Горький мед - Герогий Шолохов-Синявский 8 стр.


Но навязчивее всего владел моими мыслями Данко. Он высоко держал собственное, вырванное из груди, пламенеющее, как факел, сердце и указывал людям путь к добру кг свободе. Он как бы сулил разгадку всего, чего я еще не понимал, но часто слышал от наивных правдоискателей, забредавших порой в наш хутор, что вызревало во мне самом, будоражило и звало куда-то, оставаясь в глубине своей пока неясным и непостижимым.

Сам облик Горького преображался в легендарный, романтический образ такого же искателя истины, красоты и справедливости. Я видел в нем то Африкана Денисовича Коршунова, то студента-волчьебилетника Куприянова, когда-то посветившего мне из тьмы захолустного степного бытия первыми лучами знания.

Часто, оставаясь наедине с самим собой, шагая по степи, я начинал раздельно выкрикивать:

— «Над седой равниной моря ветер тучи собирает. Между тучами и морем гордо реет Буревестник, черной молнии подобный!..»

Железный ритм горьковского стихотворения в прозе словно раскачивал меня на гремучих седых волнах. Я шел, размахивая руками в такт этому ритму, упоенный звучанием собственного голоса, и мне казалось, сам я становлюсь бесстрашной птицей и лечу над степным простором, охваченный жарким вдохновением.

Что это было за вдохновение, куда звал меня Буревестник, я не знал, но мне было хорошо и радостно. Я чувствовал в себе силу и дерзкое желание схватиться с любым врагом.

Но никто не вызывал меня на бой, жизнь в хуторе текла медленно и однообразно, придавленная заботами о куске хлеба и страхом перед черным призраком войны.
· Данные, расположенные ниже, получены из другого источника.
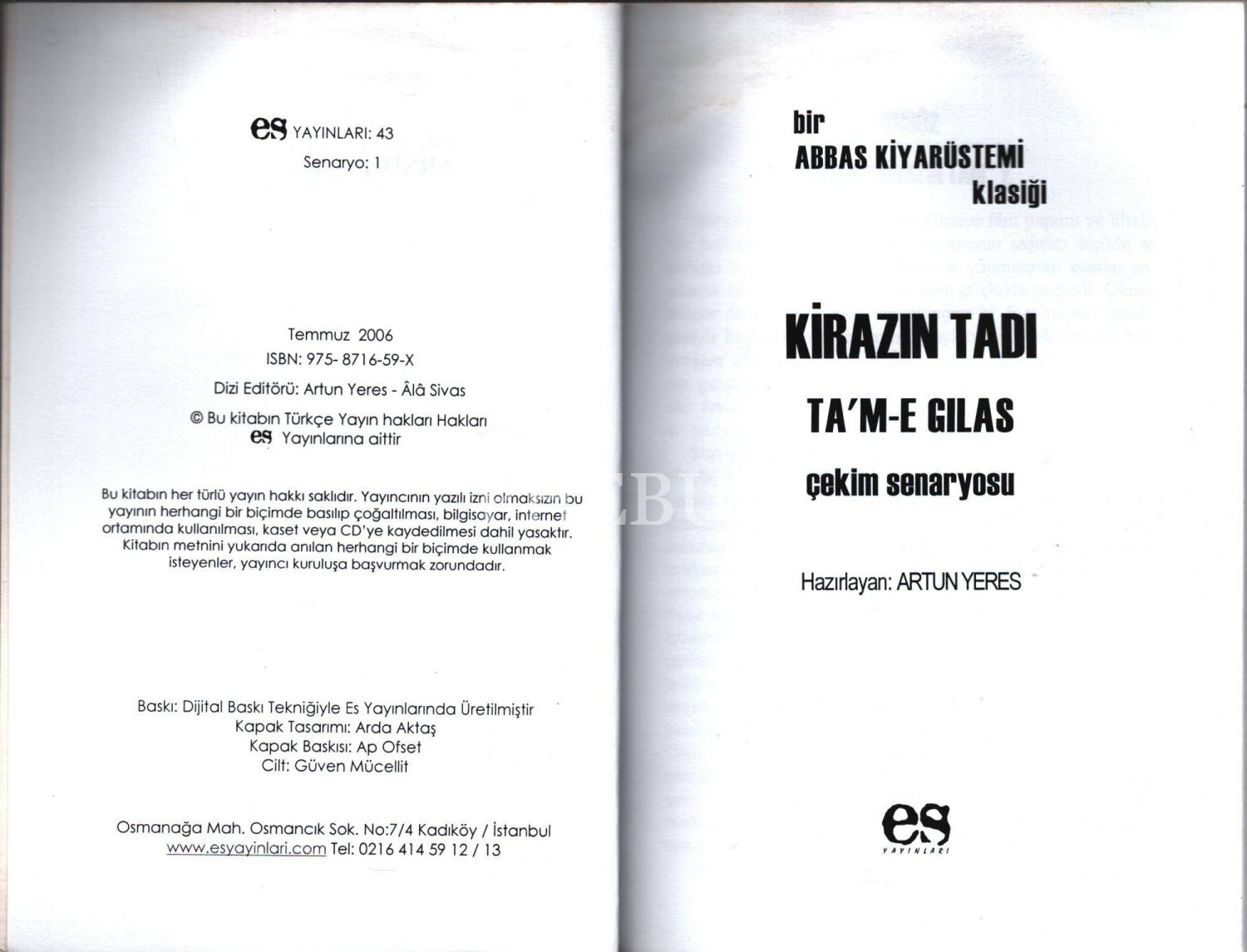 "Bir Abbas Kiyarüstemi Klasiği" KİRAZIN TADI (TA´M-E GILAS) ÇEKİM SENARYOSU, hazırlayan: Artun Yeres, Es Yayınları, 97 sayfa, 14x20 cm
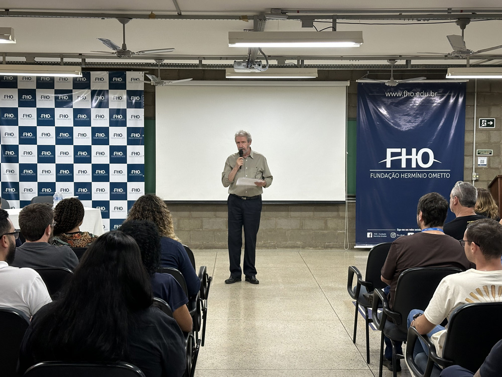 Durante a solenidade, estiveram reunidos os membros da gestão 2025/2026; o Técnico de Segurança do Trabalho, Leonardo Pereira Marques e o Reitor da FHO, Prof. Dr. José Antonio Mendes, que destacou o caráter colaborativo da comissão e como essa união de diferentes setores fortalece o ambiente de trabalho. ''A CIPA é uma oportunidade que o colaborador tem de trabalhar em equipe e compartilhar experiências. Quando eles se juntam pensando na segurança e na melhor forma da FHO cuidar dos seus profissionais, a Instituição cresce. Essa doação de cada colaborador é o espírito que faz com que a CIPA seja um órgão representativo e vital para nós'', afirmou o Reitor.

А я все ждал, не зная чего.

Когда я вновь зашел к Софье Степановне, она спросила:

— Ну как? Понравился тебе Горький?

— Очень понравился…

— Ну, слава богу, — тоже очень просто, как-то по-бабьи, обрадовалась моему ответу Софья Степановна. — У меня еще кое-что есть для тебя. Этот томик я тебе дарю, а остальные будешь по прочтении мне возвращать. Вот тебе «Фома Гордеев». Это роман. Если покажется скучным — отложи пока, не читай. Горького надо читать вдумчиво, проходя его, как учебник.

«Фому Гордеева» я все-таки прочитал, но роман и вправду показался мне не таким ошеломляюще красочным, как рассказы. Я жадно набрасывался на каждый новый неизвестный мне рассказ Горького, прочитывал его залпом. Но «Жизнь Матвея Кожемякина», как мне и советовала Софья Степановна, я все-таки «отложил». Эту окуровскую летопись я прочитал значительно позже…

Так шло мое приобщение к большой литературе.

Вслед за первым открытием последовали другие. Я наконец попал на один из любительских спектаклей хуторского драмкружка и сразу был пленен новым для меня искусством.

Конечно, я не мог еще судить, хорошо или плохо играли любители, я только сидел и, разинув рот, смотрел на сцену. Вначале даже смысл слов, произносимых актерами, не доходил до меня.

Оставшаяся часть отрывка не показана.